Der ständige Wechsel von Nässe und Kälte schwächt die Kampfkraft der Soldaten enorm. Hinzu kommen die Temperaturschwankungen um den Gefrierpunkt, so Gressel. Dies sei für die Soldaten in den durchnässten Stellungen besonders schlimm. „Die gefrierende Nässe zieht in die Kleidung ein und sie frieren mehr, als wenn es minus 15 Grad hat.“

Oft müssen sich russische Soldaten darauf fokussieren, bei der Kälte am Leben zu bleiben, und können sich kaum auf die Verteidigung ihrer Stellungen konzentrieren.

Gustav Gressel,

Militärexperte beim European Council on Foreign Relations (ECFR)
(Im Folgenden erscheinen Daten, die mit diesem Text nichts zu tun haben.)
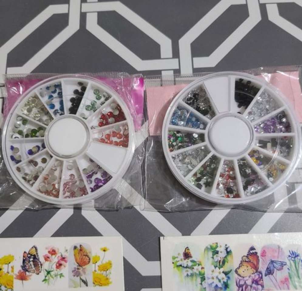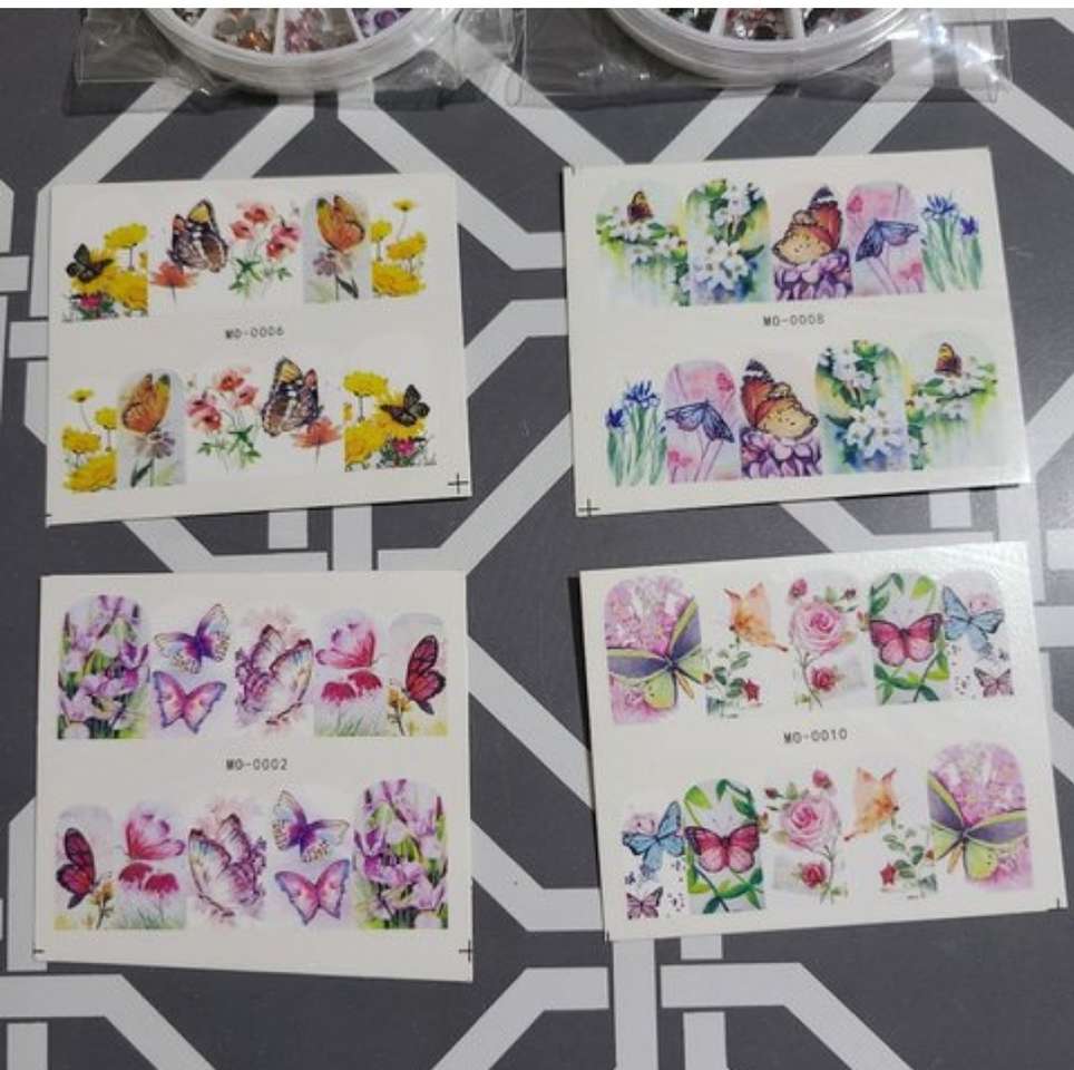This includes 4 sheets of butterfly nail art stickers and 2 packs of rhinestones. These are new never opened. All my items come from a smoke free home. Any questions please feel free to contact me.

Bei eisiger Kälte verharren die russischen Soldaten oft Stunden in kleinen Erdlöchern, ohne Handschuhe und gute Stiefel, vermehrt gibt es Berichte über sogenannte Grabenfüße. Diese gefürchtete Infektion entsteht, wenn die Füße über Tage in kalten, feuchten Socken und Stiefeln stecken. Schon im Ersten und Zweiten Weltkrieg litten viele Soldaten an Grabenfüßen, einige von ihnen starben.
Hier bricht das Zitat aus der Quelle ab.